I've dragged the Monkey out this evening. Our upstairs neighbours are back today from foreign parts. If I had just got off a 13 hour flight I would drink a mug of tea, have a shower and get into bed. The last thing I would want to hear is someone else's music. I've played at the front of the house, away from bedrooms, but the thought of irate neighbours banging at the door made me nervous. Still, I managed a good run through of my regular repertoire, including dusting off Alick C McGregor, because listening to Seudan has reminded me how good it is. Reasonably fast, but total reliance on dots, mysteriously.

Yes, enjoying Seudan very much, and got out Seaforth Highlanders and found several of the tunes in there: Hot Punch, Tullochgorm, Fingal's Weeping, All the Blue Bonnets. Tried some on the chanter, then found MacDonald of the Isles, which sounded good. I must find new tunes.

Still putting the A chanter on the pipes when I put them away, and so play the first handful of tunes on A each time. Not surprisingly this means I'm finding it much easier to play A again, and the switch between the two is also easier.

But I really must play more. I should play every day in January. I don't feel I go backwards much when I don't play, but I certainly don't go any further forwards, and I have to keep marching on.

Tuesday, 5 November 2013

Just passing through

Not getting much playing time and kicking myself for not making more effort when I had 4 days off work last week. Interesting discussion on the Session around how to fit practice in, how often to practice, how long for. Several people saying 15 minutes a day is better than nothing, whereas I've come to the conclusion that is just tokenism and doesn't help anything...

I had the practice chanter out this evening to work on those tricky bits in the Highland Brigade at Waterloo. Slow, but coming on.

Emma Sweeney was excellent last night. She has a style all of her own and sounded less American live with just a guitarist than she does on the CD.

Thursday, 31 October 2013

Trick or treat

Just listening to Emma Sweeney. She's playing down our way this coming Monday and we'll be there. Maybe too much American influence for my liking, and I know the fan will spit feathers because she's only 20-something and such a good fiddle player...

I've played a little this evening. Still working on Troy, which is all there, but is in serious need of some polish. Playing around with putting Loch Bee with Flett. I think Flett will need to come first. Still finding it hard to pair tunes up. Magersfontein still trips me up from time to time, but I do like it. The Nova Scotia tunes I played, too, and Galloway. I forget which tunes I know, and have to think about it.

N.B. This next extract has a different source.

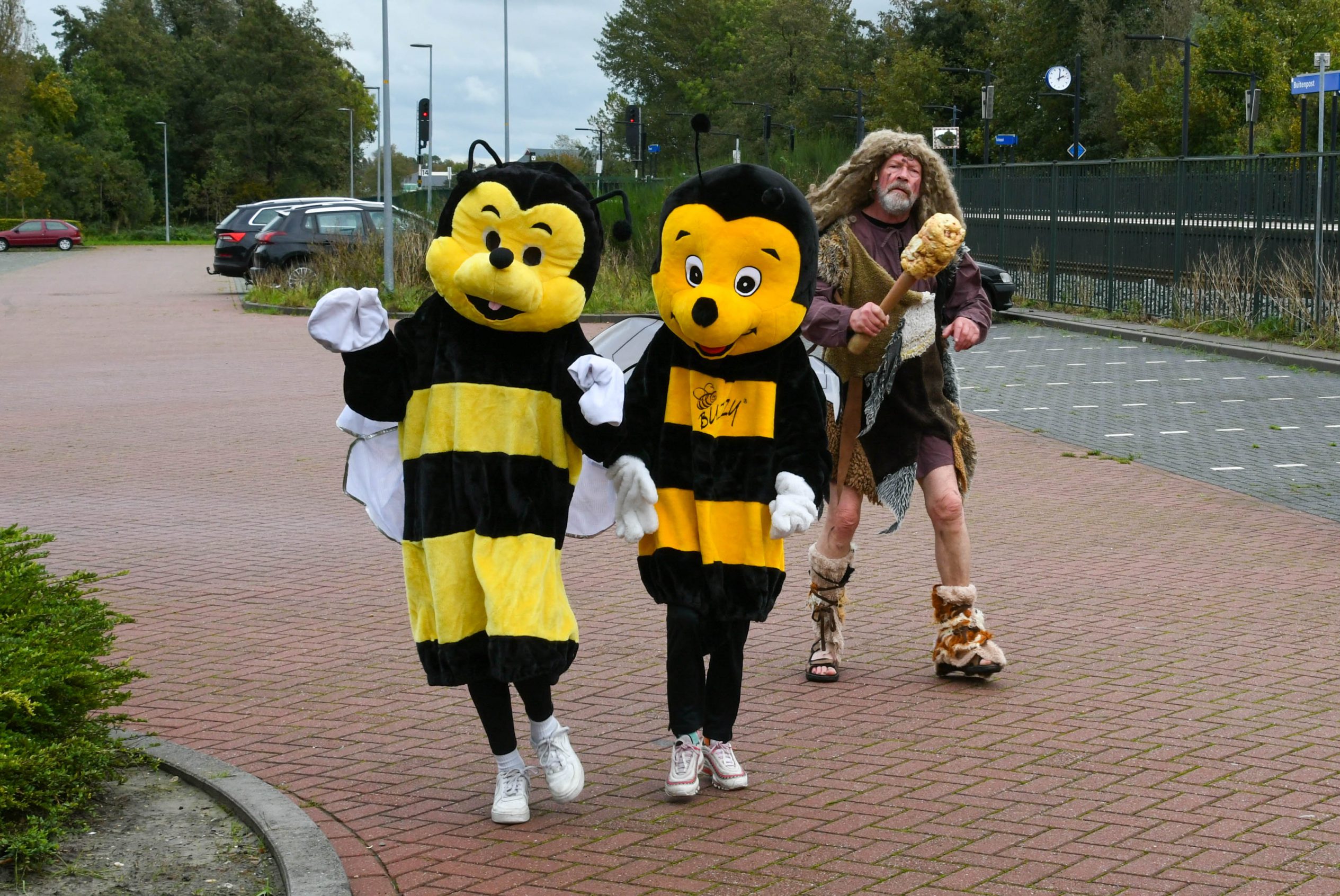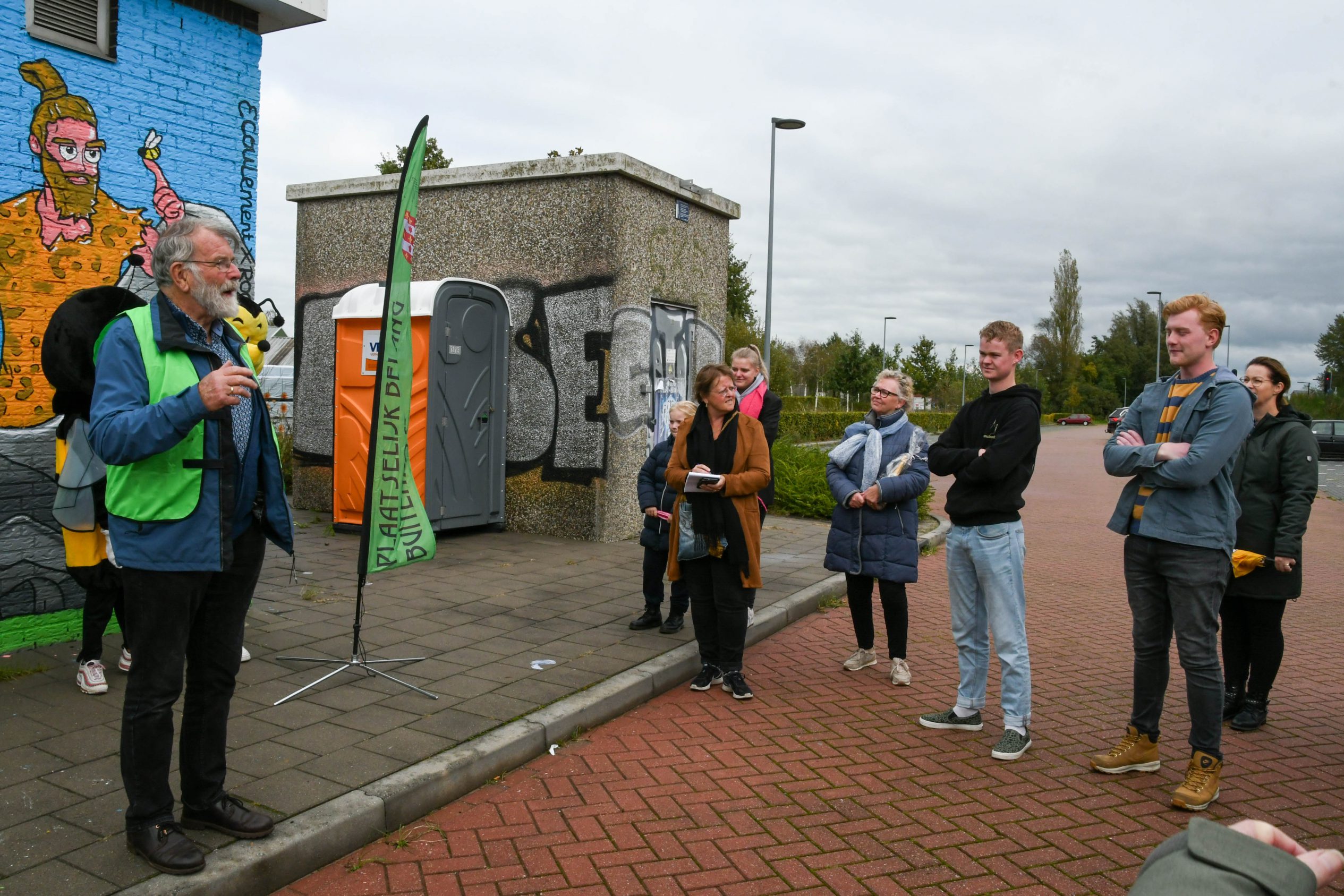 BUITENPOST – Zaterdagmiddag 21 oktober werd de fraaie beschildering, uitgevoerd door Cor Pompstra en Harry Rocksma, van het gebouw aan de noordzijde van het treinstation in Buitenpost officieel geopend. Na een welkomstwoord door de voorzitter van Plaatselijk Belang, Theo Bakker, kwam “een neanderthaler vergezeld van twee bijen” van de Kruidhof aangelopen. Zij gingen met de drie gieters, die al klaar stonden, de bloemen nog één keer water geven, door symbolisch de laatste hand aan het kunstwerk te geven en dat het kunstwerk een lang leven beschoren mag zijn.

Working hard at the Highland Brigade at Waterloo. It's a rather sombre tune. Still enjoying that C part, and still struggling with the B and D parts with those high As split by two quick notes and a grace. Playing the As, the other two notes, no graces, and as if all four notes had the same time value. I just need to get the fingering right and relaxed and fast. It's a job for the practice chanter, really.

The recording is the Sound of Sleat. Not sure now why I wanted to play it. It's on Seal Song, of course, and in one set on my Grand Concert CD. The timing has taken a bit of work. The opening bars I found difficult, specifically the second bar. The last part is a doddle and I play that faster than anything else. Generally I'm playing too slow. I think I'm there now, timing-wise, but I vaguely wonder why I bothered. It seems a bit dull, somehow.